The EBA is mandated with developing RTS that define the following: 

1. The criteria to assign off-balance sheet items to the buckets 1 to 5

While the CRR does not specifically refer to CCFs under the SA-CR, but percentages, they are used similarly to the CCFs within the IRB approach to convert an off-balance sheet amount into an on-balance sheet equivalent amount. Therefore, the interpretation of those percentages is facilitated by acknowledging the conditionality of the applicable percentage to the default of the obligor.

Further, the concept of conditionality to events shall better help allocating percentages to off-balance sheet items that are not specified in Annex I, by setting up a hierarchy based on the type of conditional events that need to happen for an institution to become exposed to the risk of credit losses in case of a default event.

The RTS states that as general guidance, the associated percentages depend on whether becoming exposed to the risk of credit losses in case of a default event is additionally conditional on the occurrence of a non-credit risk related event that is described in the contractual terms.

Bucket 1 covers off-balance sheet exposures where the exposure to the risk of credit losses in case of default is not conditional on the occurrence of any non-credit risk related event that still needs to take place. This includes commitments that are considered credit substitutes.

In contrast, bucket 2 covers contingent items where the exposure to the risk of credit losses in case of default depends on the occurrence of at least one event that is not related to credit risk but has not occurred yet before a default of the obligor could cause losses to the institutions. Once it occurs, the exposure does no longer depend on the occurrence of any non-credit risk related condition that still needs to be fulfilled, then the item would be categorized as bucket 1 if not converted into an on-balance sheet item. However, drawing from a commitment is not considered as a contingent event.

For instance, an institution issues a guarantee to compensate the owner of a property if the tenant fails to return it in good condition and fails to pay the compensation. Initially, the item is classified under bucket 2 with a 50 % allocation, as long as the non-credit risk condition is not met. However, if the property is returned in a bad condition, it would be reclassified under bucket 1 with a 100 % allocation or become an on-balance sheet item, depending on the accounting framework. This reclassification is due to the guarantee provided by the institution, which covers the tenant's obligation to pay compensation. Therefore, the allocation of the item depends on whether the contingent event has occurred or not.

A commitment that is not a credit substitute may be assigned to bucket 3 or bucket 5 depending on if it meets the definition of UCC. Commitments not falling under another category are allocated to bucket 3 and UCCs are allocated to bucket 5.

Further, a non-exhaustive list of specific off-balance sheet items is also included in the consultation paper.

However, the consultation paper lacks specific details regarding off-balance sheet items that may potentially be categorized as bucket 4 (trade finance). At present, there are still uncertainties surrounding the assignment of these items to the bucket.

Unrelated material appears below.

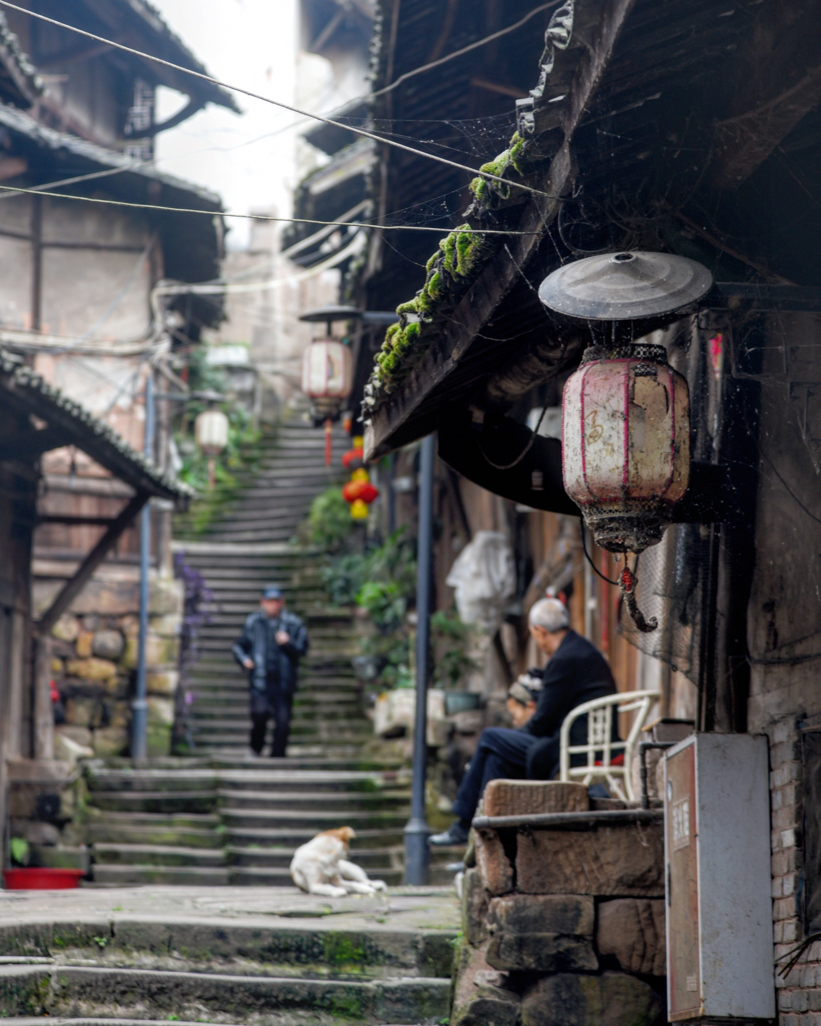 古镇不收取门票,从观景台上下来便可以直接进镇,与明清时期的热闹与喧嚣不符,倒是与在观景台上看到的宁静别无二致。古镇里面没有灯红酒绿的酒吧,也没有兜售义乌进货来的商贩,甚至游人都不算多,丝毫没有商业气息,这里大多都是当地世世代代生活在这里的居民,即便偶有几个百货店,也多数是当地居民经营的,房屋外面还能看到一些老人坐在街头,十分具有生活气息。

2. The factors that may constrain the institutions’ ability to cancel UCCs

The RTS specifies the following factors that may limit the ability of an institution to cancel UCCs thus setting out risks to categorizing off-balance sheet items as UCCs:

  • Deficiencies in the risk management procedures, including shortcomings in the credit risk monitoring framework and in the IT systems and processes.
  • Commercial considerations aimed at avoiding negative impacts on the creditworthiness of the clients or on the business relationship with the clients.
  • Reputational risks, whereby commitments are not being cancelled by the institutions with a view to avoid creating a potential negative perception vis-a-vis market-participants.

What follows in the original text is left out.